→ Activity: What is needed is an exact copy of the lines in the entries below from the one holding "A tall elegant" through the one holding "ساهمت التدفقات التجارية", pictures excluded.

→ Material for this task:
☆ ☆ ☆ ☆

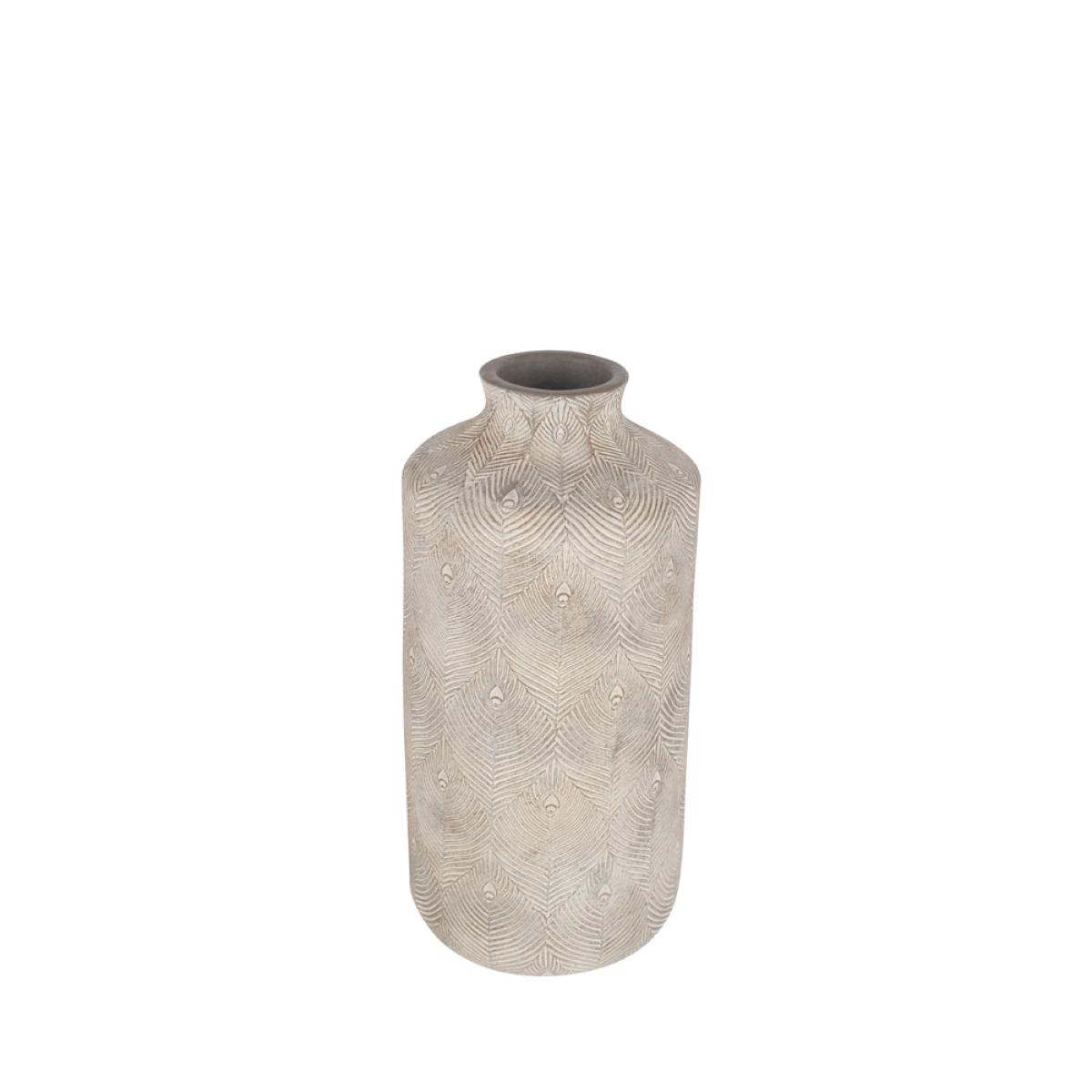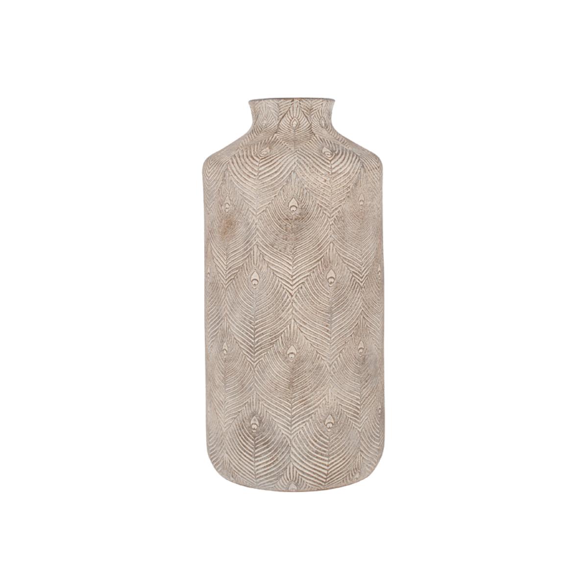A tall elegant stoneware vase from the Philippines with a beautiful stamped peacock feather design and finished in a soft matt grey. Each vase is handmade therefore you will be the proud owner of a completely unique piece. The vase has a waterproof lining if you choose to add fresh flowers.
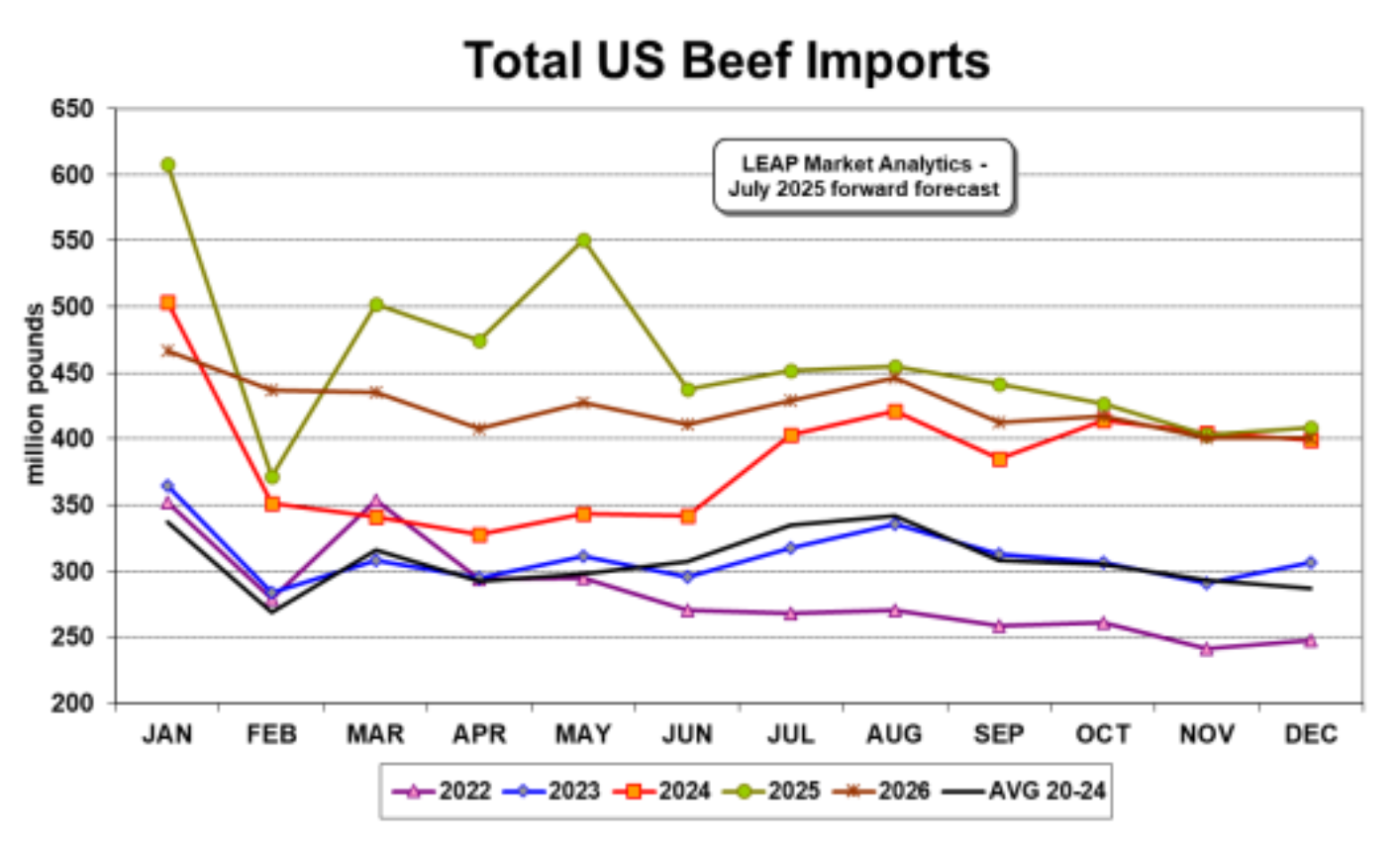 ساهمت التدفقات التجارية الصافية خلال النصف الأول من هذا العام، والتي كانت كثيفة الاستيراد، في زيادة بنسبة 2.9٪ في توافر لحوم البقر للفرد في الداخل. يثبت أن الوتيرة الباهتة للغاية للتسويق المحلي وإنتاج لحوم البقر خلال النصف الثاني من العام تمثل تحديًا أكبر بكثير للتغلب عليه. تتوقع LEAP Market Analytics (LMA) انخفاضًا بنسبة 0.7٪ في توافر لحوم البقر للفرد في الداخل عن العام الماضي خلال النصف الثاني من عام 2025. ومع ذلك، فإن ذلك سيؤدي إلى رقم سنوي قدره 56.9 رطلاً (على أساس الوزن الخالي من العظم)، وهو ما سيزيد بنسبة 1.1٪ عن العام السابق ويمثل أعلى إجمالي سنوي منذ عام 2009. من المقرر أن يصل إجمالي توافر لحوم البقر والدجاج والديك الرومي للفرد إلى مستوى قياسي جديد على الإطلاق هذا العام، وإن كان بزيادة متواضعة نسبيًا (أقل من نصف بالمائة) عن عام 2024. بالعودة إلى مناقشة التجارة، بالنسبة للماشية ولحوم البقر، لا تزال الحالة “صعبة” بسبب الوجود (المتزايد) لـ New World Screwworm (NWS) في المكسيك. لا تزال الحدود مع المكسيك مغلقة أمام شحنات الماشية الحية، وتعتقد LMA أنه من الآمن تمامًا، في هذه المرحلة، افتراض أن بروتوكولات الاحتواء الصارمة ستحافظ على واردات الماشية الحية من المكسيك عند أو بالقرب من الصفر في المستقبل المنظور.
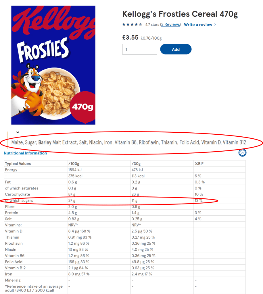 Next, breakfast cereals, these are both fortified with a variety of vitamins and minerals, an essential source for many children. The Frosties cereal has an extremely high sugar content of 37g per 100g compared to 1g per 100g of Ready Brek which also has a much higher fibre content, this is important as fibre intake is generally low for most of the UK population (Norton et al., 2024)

☆ ☆ ☆ ☆

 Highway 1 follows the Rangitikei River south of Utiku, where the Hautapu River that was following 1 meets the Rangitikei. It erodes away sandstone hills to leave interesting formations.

☆ ☆ ☆ ☆

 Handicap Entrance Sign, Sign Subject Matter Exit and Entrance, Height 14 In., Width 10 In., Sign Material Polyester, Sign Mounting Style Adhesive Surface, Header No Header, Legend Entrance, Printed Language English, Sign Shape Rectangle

☆ ☆ ☆ ☆

→ Exercise response:
A tall elegant stoneware vase from the Philippines with a beautiful stamped peacock feather design and finished in a soft matt grey. Each vase is handmade therefore you will be the proud owner of a completely unique piece. The vase has a waterproof lining if you choose to add fresh flowers.
 ساهمت التدفقات التجارية الصافية خلال النصف الأول من هذا العام، والتي كانت كثيفة الاستيراد، في زيادة بنسبة 2.9٪ في توافر لحوم البقر للفرد في الداخل. يثبت أن الوتيرة الباهتة للغاية للتسويق المحلي وإنتاج لحوم البقر خلال النصف الثاني من العام تمثل تحديًا أكبر بكثير للتغلب عليه. تتوقع LEAP Market Analytics (LMA) انخفاضًا بنسبة 0.7٪ في توافر لحوم البقر للفرد في الداخل عن العام الماضي خلال النصف الثاني من عام 2025. ومع ذلك، فإن ذلك سيؤدي إلى رقم سنوي قدره 56.9 رطلاً (على أساس الوزن الخالي من العظم)، وهو ما سيزيد بنسبة 1.1٪ عن العام السابق ويمثل أعلى إجمالي سنوي منذ عام 2009. من المقرر أن يصل إجمالي توافر لحوم البقر والدجاج والديك الرومي للفرد إلى مستوى قياسي جديد على الإطلاق هذا العام، وإن كان بزيادة متواضعة نسبيًا (أقل من نصف بالمائة) عن عام 2024. بالعودة إلى مناقشة التجارة، بالنسبة للماشية ولحوم البقر، لا تزال الحالة “صعبة” بسبب الوجود (المتزايد) لـ New World Screwworm (NWS) في المكسيك. لا تزال الحدود مع المكسيك مغلقة أمام شحنات الماشية الحية، وتعتقد LMA أنه من الآمن تمامًا، في هذه المرحلة، افتراض أن بروتوكولات الاحتواء الصارمة ستحافظ على واردات الماشية الحية من المكسيك عند أو بالقرب من الصفر في المستقبل المنظور.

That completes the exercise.